Kara Michaels hears what Frank Berkeley, managing director of Property Finance at Nedbank Corporate, Norbert Sasse, CEO of Growthpoint Properties, and Erwin Rode, CEO of Rode & Associates, have to say on South African listed property and the international market.
According to Berkeley, South African listed property has grown phenomenally and it is therefore small wonder that the international market is taking an interest. “But why are investors looking here and why now? What do these investors want? Who are the investors likely to be? How much are we expecting of them in terms of education.” The question he also poses is whose job is it to market South Africa Incorporated and to sell that investment?

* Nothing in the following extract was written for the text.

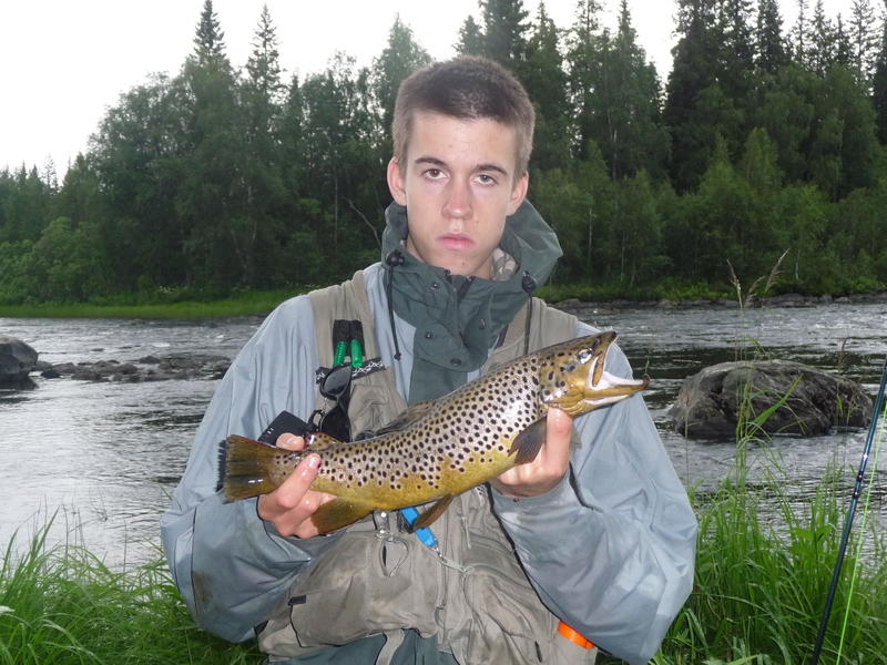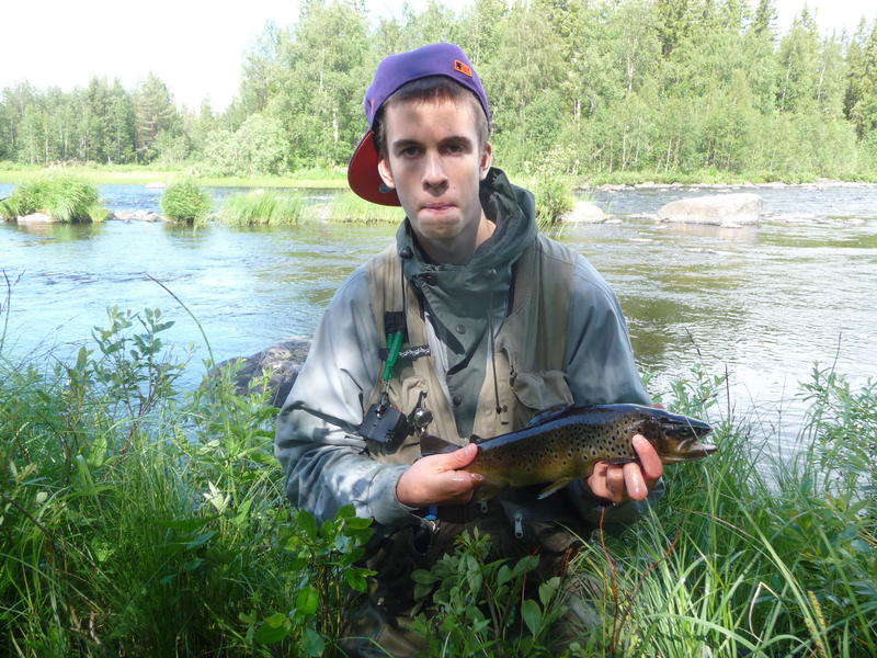 Aamupäivän kalastus Leveänkoskella tuotti taas tulosta. Pikkubroidi repäsi eka 50cm taimenen ja sitten mä sain 48 cm taimenen. Mentiin vielä yöllä kalaan mutta ei tullu mitään. Aina illalla oli porukaa ihan pirusti mutta päivällä sai kalastaa rauhassa ja kalaa tuli paremmin.

Says Sasse, “When it comes to the question as to why we should be selling South African listed property, I say why not?”
Further reasons, according to Sasse, are that the world is awash with money and everybody is in search of yield; South Africa is a relatively small, underdeveloped and emerging market; everyone is competing for the same capital; and property, both direct and listed, has become a recognised asset class globally.

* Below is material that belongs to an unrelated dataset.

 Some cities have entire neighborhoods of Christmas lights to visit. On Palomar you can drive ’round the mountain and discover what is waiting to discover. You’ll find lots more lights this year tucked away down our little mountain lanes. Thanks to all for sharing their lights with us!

“So we need to sell aggressively,” says Sasse.
When it comes to what South Africa is selling, Sasse points out that it is selling a well-developed legal framework; a world-class financial system; transparency in that South Africa was rated 13th out of 56 countries in the 2006 Real Estate Transparency Index compiled by Jones Lang LaSalle; and property performance.
The following tables show South African property performance. Source: International Property Databank (IPD).

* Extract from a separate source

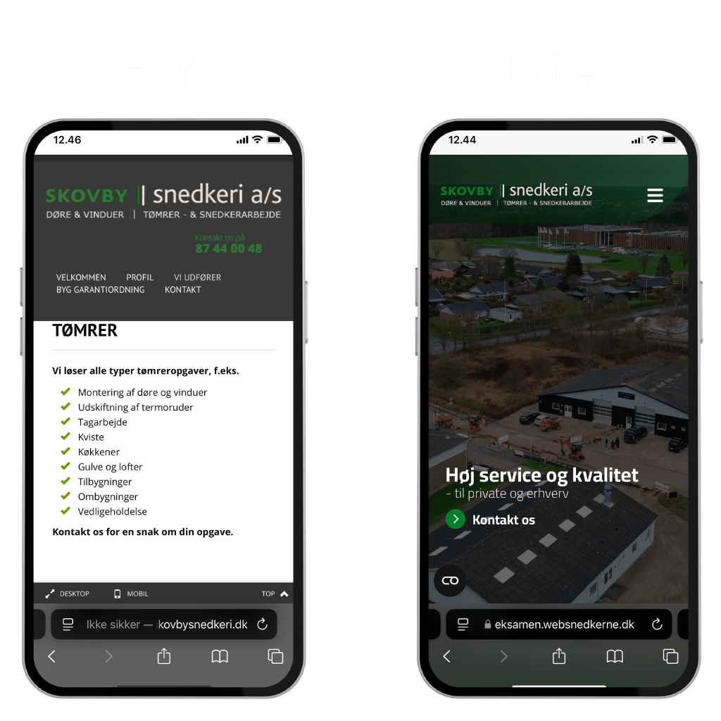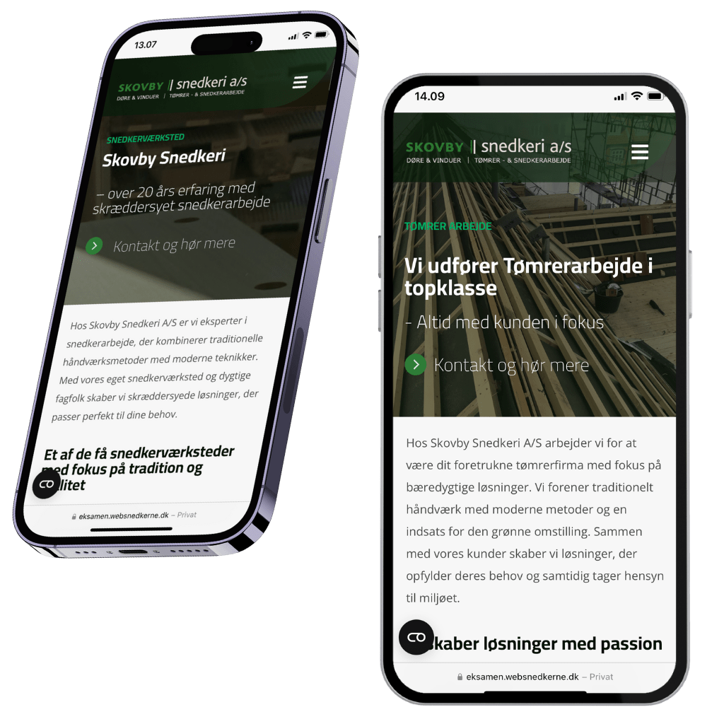 Vi skabte et responsivt og brugervenligt design, der præsenterer Skovby Snedkeris visuelle identitet og services på en indbydende måde.

According to the IPD, South Africa was the best performing property market in 2005 and the second best performing direct property market in 2006.
South African listed property

Both Berkeley and Sasse point to the phenomenal performance of listed property. “Over the longer term listed property has outperformed other asset classes,” says Sasse.
“Since 2003 phenomenal returns have also come out of direct property.”
Berkeley points out that in terms of recent direct property returns, South Africa is second only to Ireland, “so it’s right up there with great prospects”.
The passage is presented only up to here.